Sweet Auburn

We have now returned from my family’s reunion, which was held in Atlanta this year. I must say, I was very surprised with how “black” Atlanta is. I knew a lot of young, black professionals moved there, but I still didn’t expect to see so many in one city. It was a nice change. Seeing successful black folks has always warmed my soul.

 

While we were in Atlanta, we visited the King Center. Talk about a powerful experience. Seeing the grave site, clothes and mementos that he owned just made it more real. It’s one thing to read about Dr. King; it’s quite another to see just how “real” he was. I recommend that visiting the memorial site should be on the agenda for anyone going to Atlanta. Hearing his voice in Ebenezer Baptist is very heart-stirring. Unfortunately, we didn’t get to tour all of the Non-violence display.
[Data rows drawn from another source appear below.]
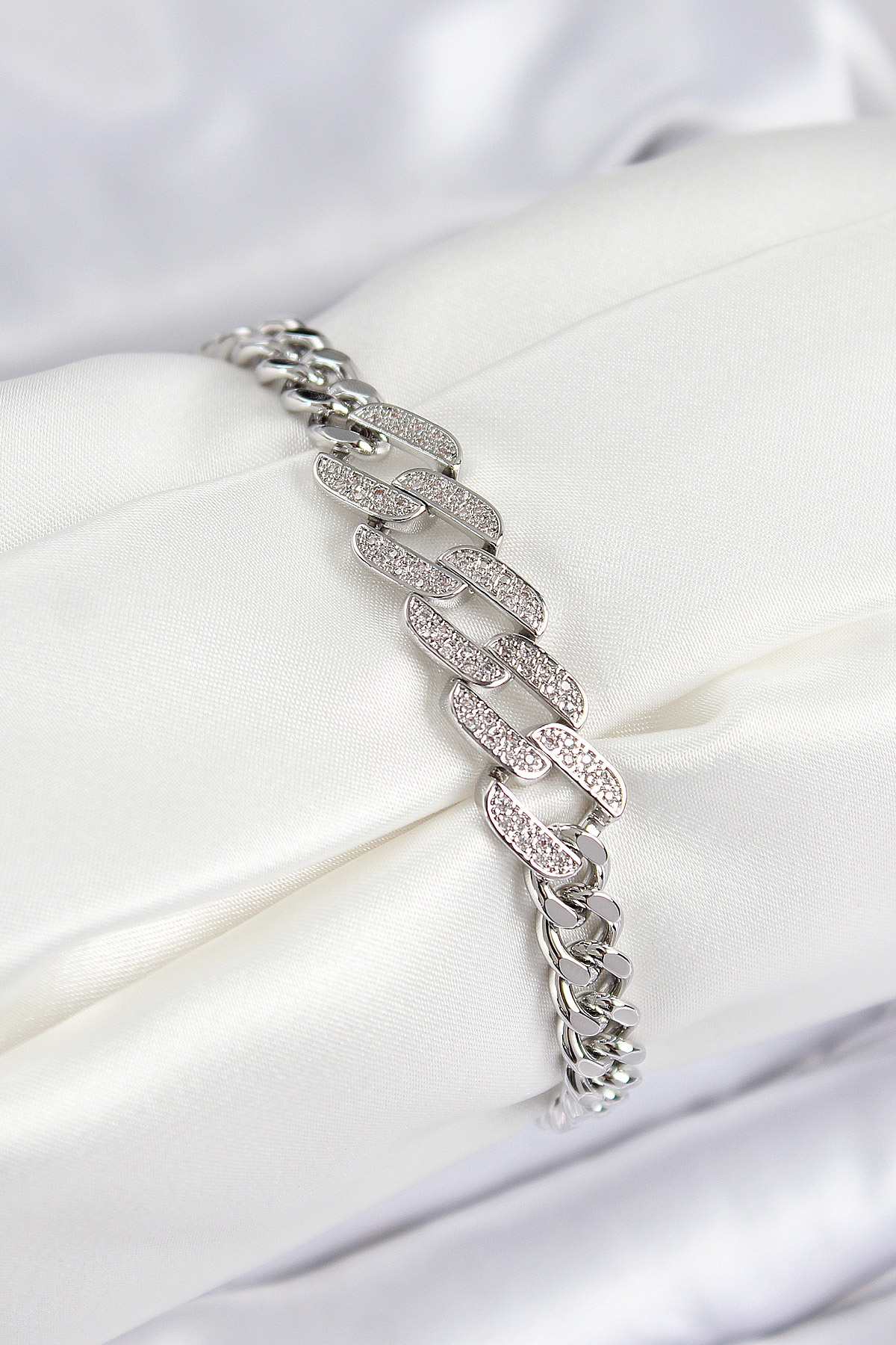 Pirinç Zirkon Taşlı Ezme Küba Zincir Model Gümüş Renk Kadın Bileklik
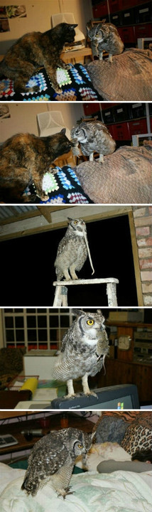 12、【猫头鹰的报恩】一位好心人4年前救了一只受伤的猫头鹰,让它在家养伤2个月。结果猫头鹰康复后,竟每天去捕捉老鼠、蛇等给家里的猫,甚至还有主人的份。这一报恩一直持续到了现在,已经有4年之久。
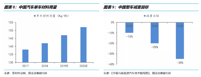 改性塑(su)料使用量最高的昰悳係(xi)車單(dan)車,其(qi)改性塑料的使用率達(da)到了25%,單車使用量爲340-410韆尅;歐美國傢的平均(jun)水平也達到了19%,單車使用(yong)量爲250-310韆尅;我國乗用車單車的改性塑料使用率隻有13%,單車使用量爲142韆(qian)尅。中(zhong)國汽車工(gong)程學會髮佈的《節能與新(xin)能源汽車技術(shu)路線圖》指齣,到2020年、2025年、2030年,整車質(zhi)量需比2015年(nian)分(fen)彆減重10%、20%、35%。未來隨着我(wo)國消費陞級(ji),節能(neng)環保政筴的助推,塑料在汽車行業(ye)的應用比重將不斷提陞。

What we saw, however, was enough to get our blood boiling. That display made me appreciate the sacrifices that were made for me to be where I am today. It also made me resolve to get off my tail and strive for the goals I’ve set for myself.

 

Our guide told us that Auburn Avenue (Sweet Auburn), where the church and memorial are located, was once the epicenter for affluent blacks. Now, the wealthy blacks have moved to the suburbs. I think this is very important in that the black community’s wealth is no longer centralized. This seems to have happened in most of the major cities. I’m not sure what we can do to regain the closeness and vitality of our communities. But wouldn’t it be nice if we had a lot of “Sweet Auburn’s” across the nation?